YOUR INSTRUCTIONS:
Print the records exactly and in full, please; the pictures stay out.

• • • • • • •

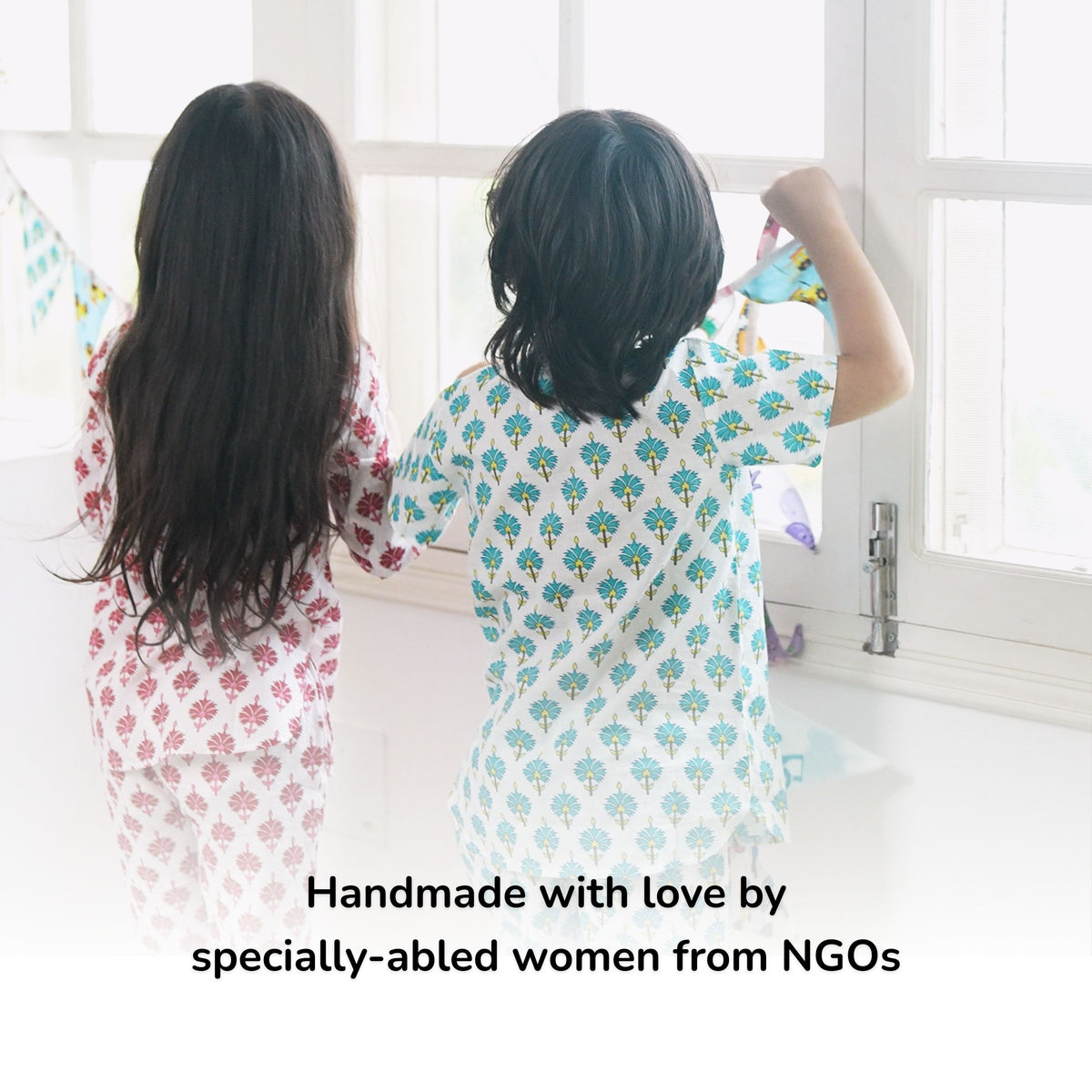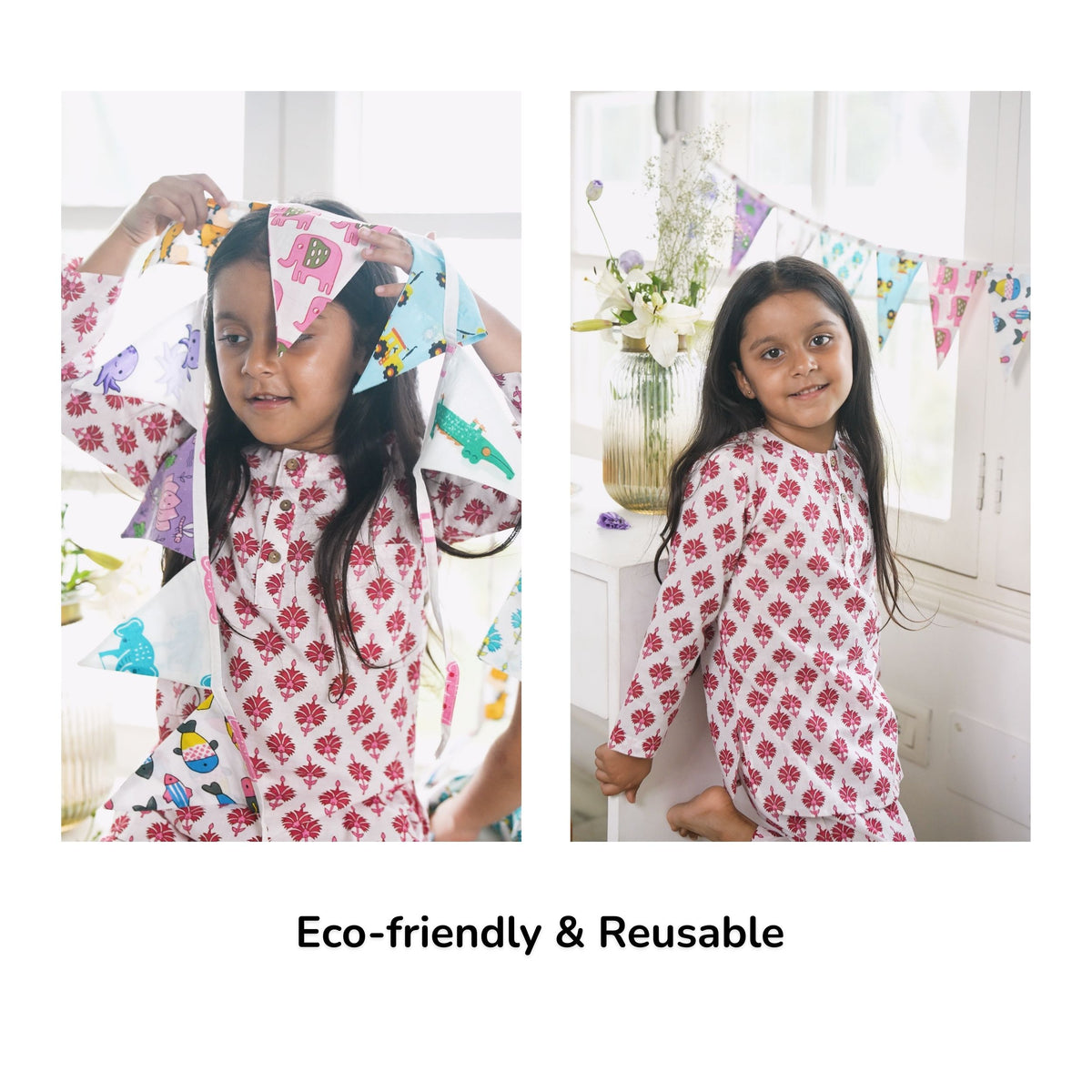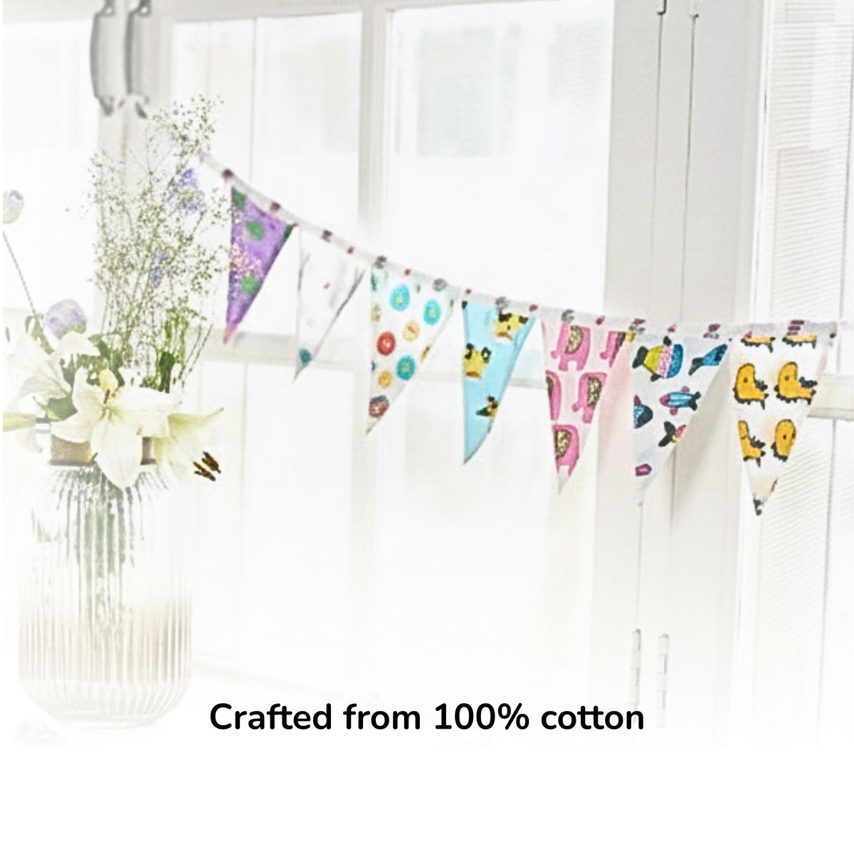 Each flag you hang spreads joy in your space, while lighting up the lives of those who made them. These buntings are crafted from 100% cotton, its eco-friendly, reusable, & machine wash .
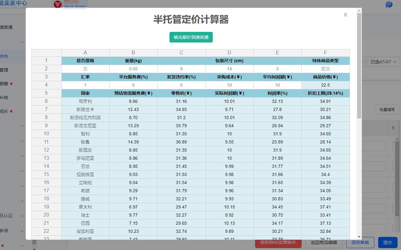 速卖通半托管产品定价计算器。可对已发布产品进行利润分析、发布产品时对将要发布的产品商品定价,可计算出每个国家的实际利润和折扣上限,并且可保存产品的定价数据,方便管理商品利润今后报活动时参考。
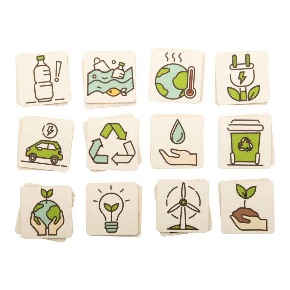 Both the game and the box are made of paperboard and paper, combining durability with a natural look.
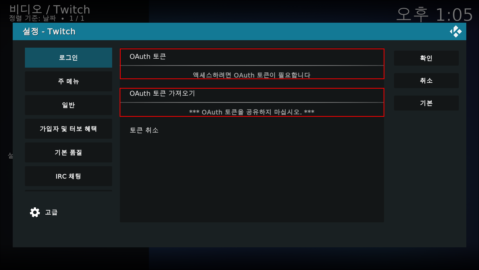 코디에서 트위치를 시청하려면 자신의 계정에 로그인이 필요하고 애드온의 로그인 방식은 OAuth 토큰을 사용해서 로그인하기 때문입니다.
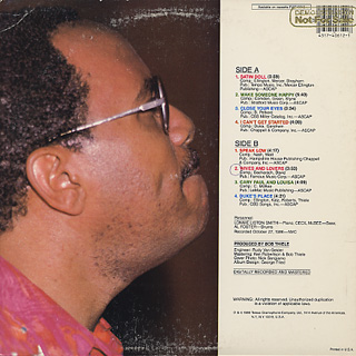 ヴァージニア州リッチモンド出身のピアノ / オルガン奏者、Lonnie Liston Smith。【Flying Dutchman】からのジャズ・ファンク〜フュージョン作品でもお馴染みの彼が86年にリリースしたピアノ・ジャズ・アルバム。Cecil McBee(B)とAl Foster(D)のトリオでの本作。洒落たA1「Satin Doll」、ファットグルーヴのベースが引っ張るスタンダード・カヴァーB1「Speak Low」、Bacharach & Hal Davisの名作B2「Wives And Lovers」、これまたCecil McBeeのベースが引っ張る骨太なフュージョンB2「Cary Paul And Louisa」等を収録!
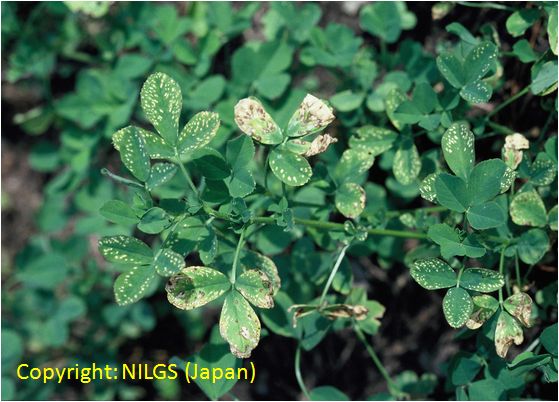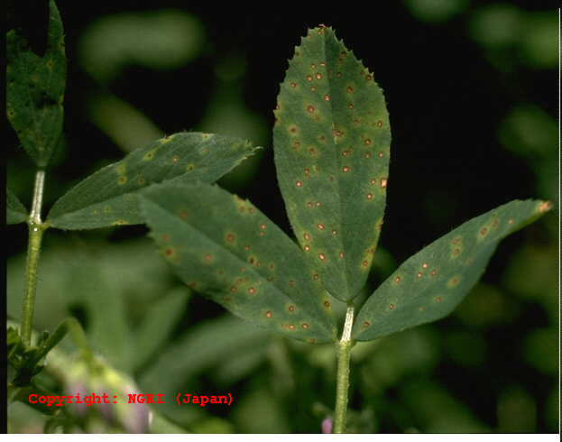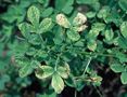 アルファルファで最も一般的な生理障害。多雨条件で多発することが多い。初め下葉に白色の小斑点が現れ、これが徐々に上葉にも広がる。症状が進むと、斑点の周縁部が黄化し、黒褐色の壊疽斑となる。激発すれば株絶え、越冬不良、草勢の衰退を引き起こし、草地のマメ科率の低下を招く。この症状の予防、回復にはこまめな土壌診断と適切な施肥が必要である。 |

• • • • • • •

RESULT OF THE EXERCISE:
 Each flag you hang spreads joy in your space, while lighting up the lives of those who made them. These buntings are crafted from 100% cotton, its eco-friendly, reusable, & machine wash .
 速卖通半托管产品定价计算器。可对已发布产品进行利润分析、发布产品时对将要发布的产品商品定价,可计算出每个国家的实际利润和折扣上限,并且可保存产品的定价数据,方便管理商品利润今后报活动时参考。
 Both the game and the box are made of paperboard and paper, combining durability with a natural look.
 코디에서 트위치를 시청하려면 자신의 계정에 로그인이 필요하고 애드온의 로그인 방식은 OAuth 토큰을 사용해서 로그인하기 때문입니다.
 ヴァージニア州リッチモンド出身のピアノ / オルガン奏者、Lonnie Liston Smith。【Flying Dutchman】からのジャズ・ファンク〜フュージョン作品でもお馴染みの彼が86年にリリースしたピアノ・ジャズ・アルバム。Cecil McBee(B)とAl Foster(D)のトリオでの本作。洒落たA1「Satin Doll」、ファットグルーヴのベースが引っ張るスタンダード・カヴァーB1「Speak Low」、Bacharach & Hal Davisの名作B2「Wives And Lovers」、これまたCecil McBeeのベースが引っ張る骨太なフュージョンB2「Cary Paul And Louisa」等を収録!
 アルファルファで最も一般的な生理障害。多雨条件で多発することが多い。初め下葉に白色の小斑点が現れ、これが徐々に上葉にも広がる。症状が進むと、斑点の周縁部が黄化し、黒褐色の壊疽斑となる。激発すれば株絶え、越冬不良、草勢の衰退を引き起こし、草地のマメ科率の低下を招く。この症状の予防、回復にはこまめな土壌診断と適切な施肥が必要である。 |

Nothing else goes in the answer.